(De «Los Gauchos Judíos» por Alberto Gerchunoff)
Era en los primeros tiempos de la colonia. Los judíos de Entre Ríos conocían poco del lugar, y sus ideas sobre las costumbres del país eran en extremo confusas. Admiraban al gaucho y lo temían, envolviendo su vida en una vaga leyenda de heroísmo y de barbarie. Lo creían peligroso e irascible.
Las fábulas de sangre y de bravura, interpretadas mal por los nuevos campesinos, contribuyeron a fomentar el concepto que tenían sobre el paisano. Resultaba para el judío de Polonia o de Besarabia, el bandido romántico, feroz y caballeresco, como un héroe de Schummer, cuyas aventuras leían las muchachas obreras, al regresar del taller, en Odessa, o al terminar las tareas en la colonia…

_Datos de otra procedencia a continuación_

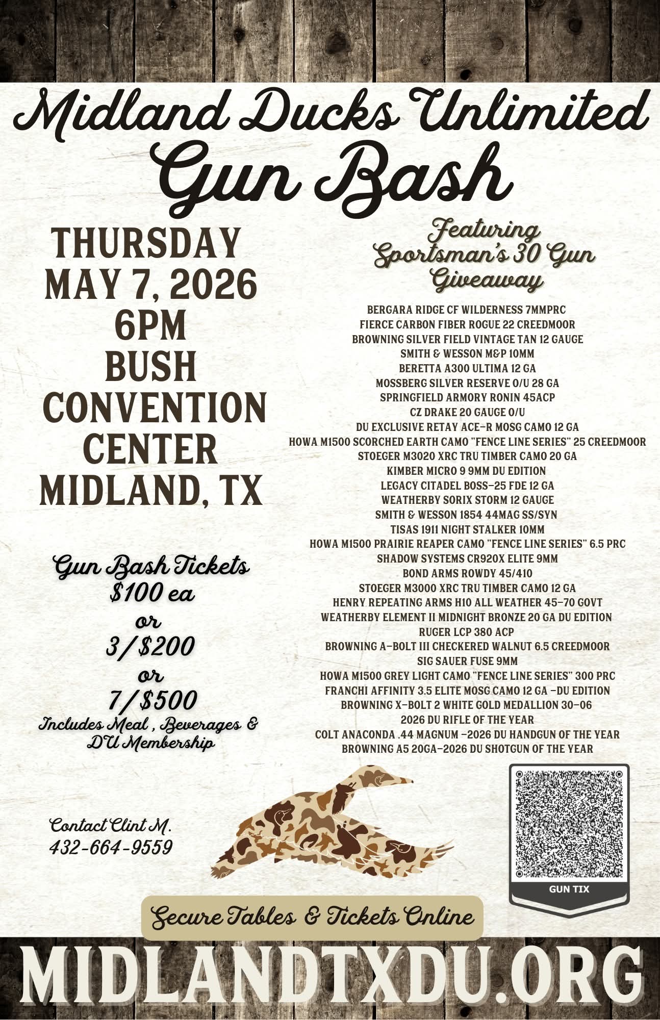 Midland Ducks Unlimited Spring Gun Bash. We will have about 75 guns and items to raffle and games to play. We will also have silent auction trips and hunts and one of a kind items. Help one of the top Chapters in Texas raise money for Wetlands Conservation
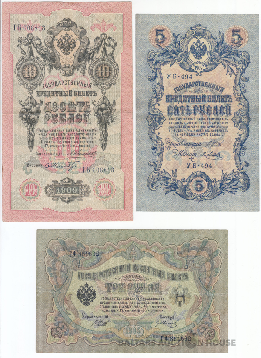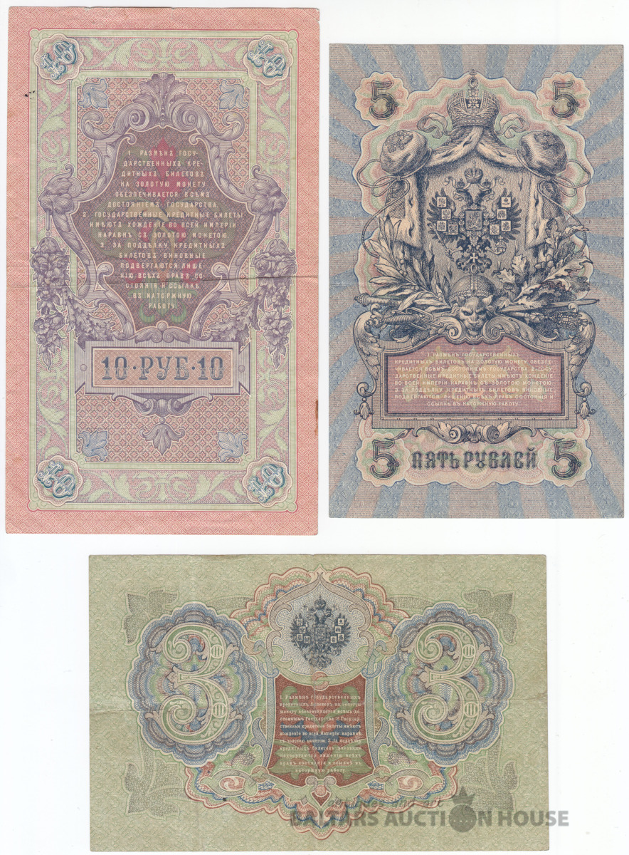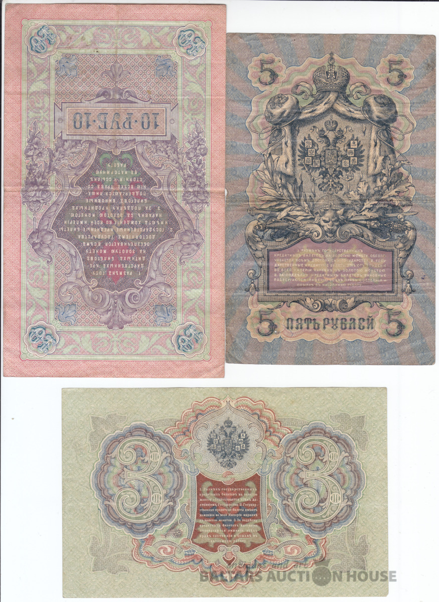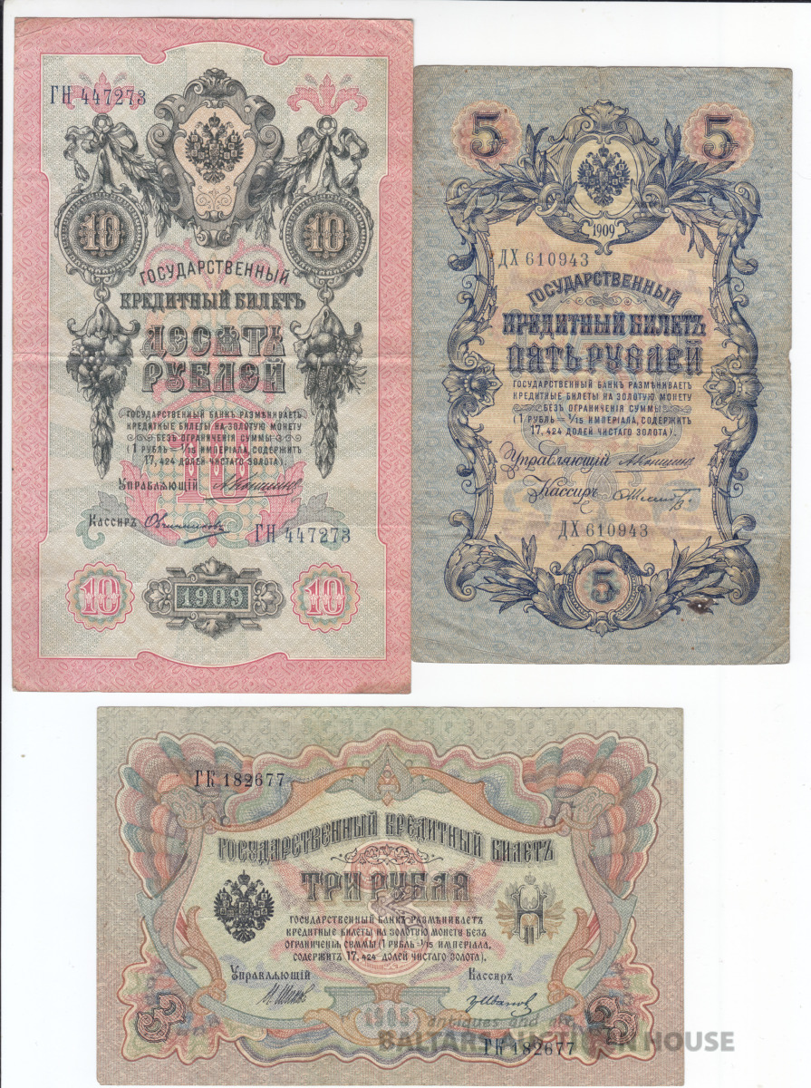 Banknotes, Krievijas Impērija, 10 Rubļi - Paraksts Konšin; VF+/aXF, 5 rubļi - Šipov, aUNC; 3 rubļi - Šipov, XF

Así, en la sinagoga, que funcionaba en tal o cual rancho de Rajil, jóvenes y viejos discutían cosas relacionadas con la Argentina. El entusiasmo de vida libre, soñada en los días amargos de Rusia, aún no se había amenguado. Un amor fervoroso al suelo todavía desconocido rebosaba en todas las almas.
Por los alrededores de Rajil, los arados abrían alegremente la tierra y la esperanza unánime no desfallecía en los corazones sencillos de los chacareros. Los sábados, hasta el mediodía y al atardecer, recordaban frente a la puerta de la sinagoga y no lejos del corral, las penurias antiguas, los episodios del éxodo, como si la emigración del imperio moscovita fuera la bíblica huida historiada en las noches de Pascua.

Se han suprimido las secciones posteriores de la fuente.